As these white-faced actors in their ragtag costumes meander through their collection of short stories – all in some way connected to the sky, all with a deliciously gruesome end – we are treated to a delightful blend of clowning, puppetry, physical theatre and original music in a style highly reminiscent of the work of the company 'Les Enfants Terribles', whose award this young company won in 2014 for their previous production 'The Hive'.

While it is true there is nothing 'new' being said or done in this production, one cannot fault the execution which is simply sublime. The design, direction and performances are all spot on, making for a delightful and heart-warming evening. It is a magnificent example of it's native style, and for someone experiencing this sort of theatre for the first time, it is sure to be a memorable experience for all the right reasons.

Besides – is there anything these days which can truly be said to be new?

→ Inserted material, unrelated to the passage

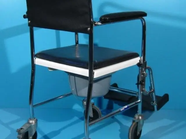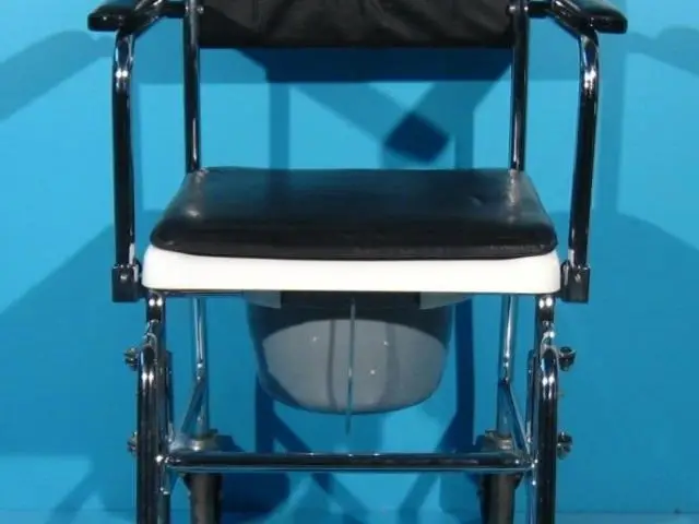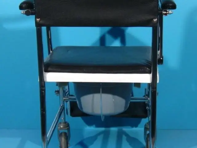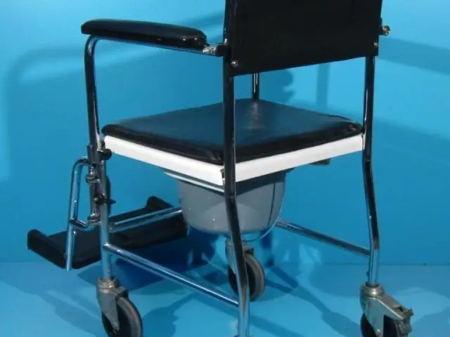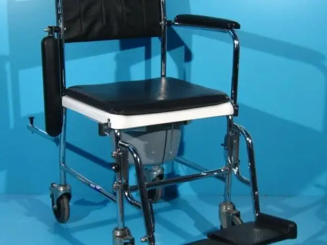 Scaun handicap cu wc (toaleta), cu rotile destinat persoanelor cu nevoi speciale.

One would have to be a particularly cynical and curmudgeonly theatre boffin to be overly bothered by any perceived lack of originality in the format of this beautifully executed piece – unless one had a particular and peculiar hatred for white-faced makeup and accordions.

Beyond the style and substance of the show itself, what is particularly uplifting to experience is the warmth of the bond between the members of this young company. When so many of the current gateways into the profession seem to encourage solo-work (awards and recognition for new writers or directors as individuals), it is remarkable to see a young company so obviously devoted to each other as much as they are to the work they are producing. 'The Human Zoo' have many years ahead of them, and they are off to a flying start. If this is the calibre of work they can produce now, I eagerly anticipate the work they will be producing in a few years time. Long may they continue.